Your assignment — Write out each line below precisely, passing over the pictures.

Data block —
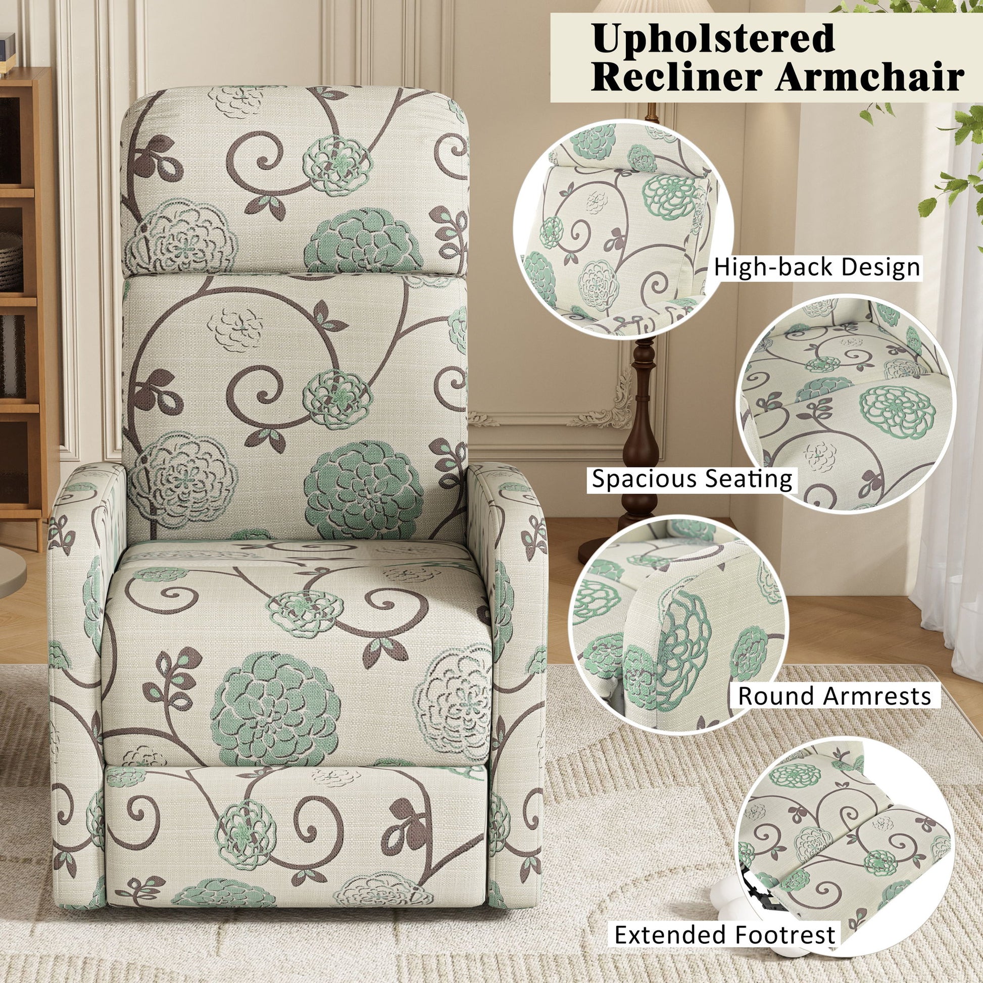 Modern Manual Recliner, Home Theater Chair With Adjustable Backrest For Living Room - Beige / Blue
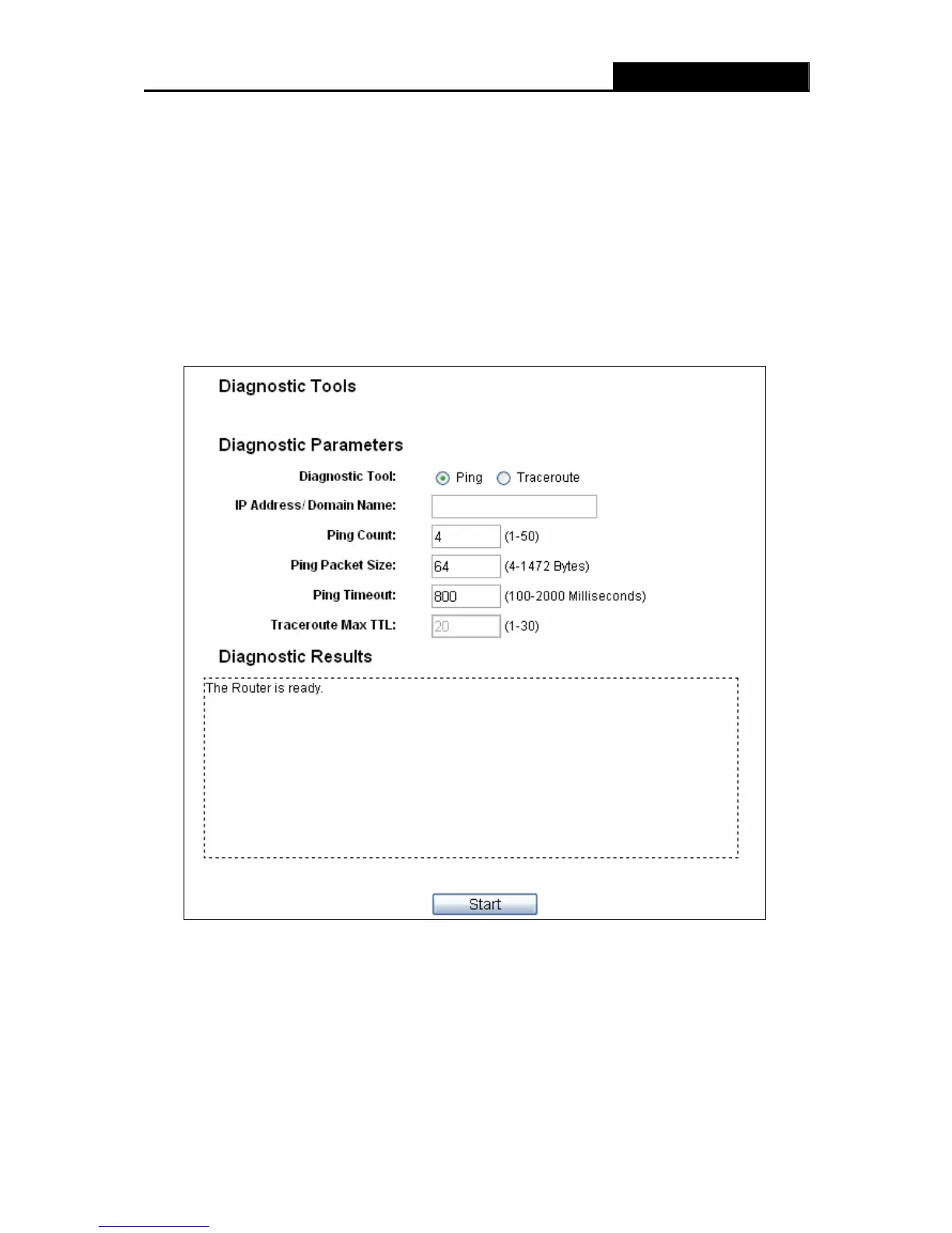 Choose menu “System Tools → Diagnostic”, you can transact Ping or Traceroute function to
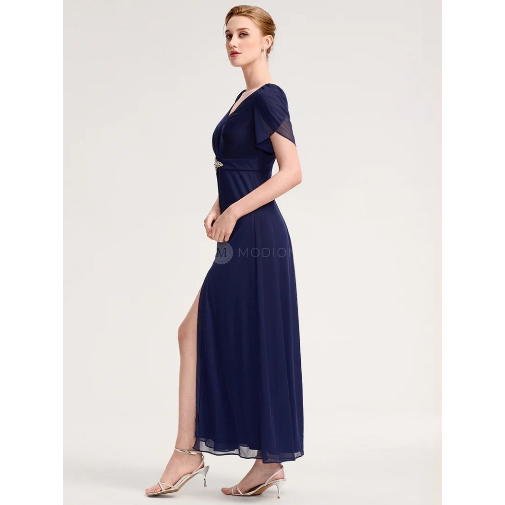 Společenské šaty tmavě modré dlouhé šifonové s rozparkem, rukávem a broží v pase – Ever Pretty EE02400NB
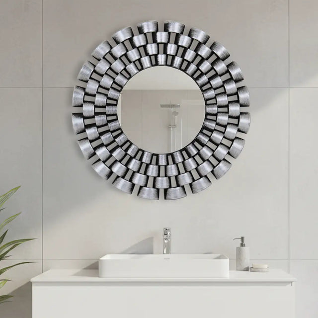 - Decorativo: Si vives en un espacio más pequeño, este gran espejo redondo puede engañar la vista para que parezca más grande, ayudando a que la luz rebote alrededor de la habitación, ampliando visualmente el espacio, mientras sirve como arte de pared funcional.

Task output —
 Modern Manual Recliner, Home Theater Chair With Adjustable Backrest For Living Room - Beige / Blue
 Choose menu “System Tools → Diagnostic”, you can transact Ping or Traceroute function to
 Společenské šaty tmavě modré dlouhé šifonové s rozparkem, rukávem a broží v pase – Ever Pretty EE02400NB
 - Decorativo: Si vives en un espacio más pequeño, este gran espejo redondo puede engañar la vista para que parezca más grande, ayudando a que la luz rebote alrededor de la habitación, ampliando visualmente el espacio, mientras sirve como arte de pared funcional.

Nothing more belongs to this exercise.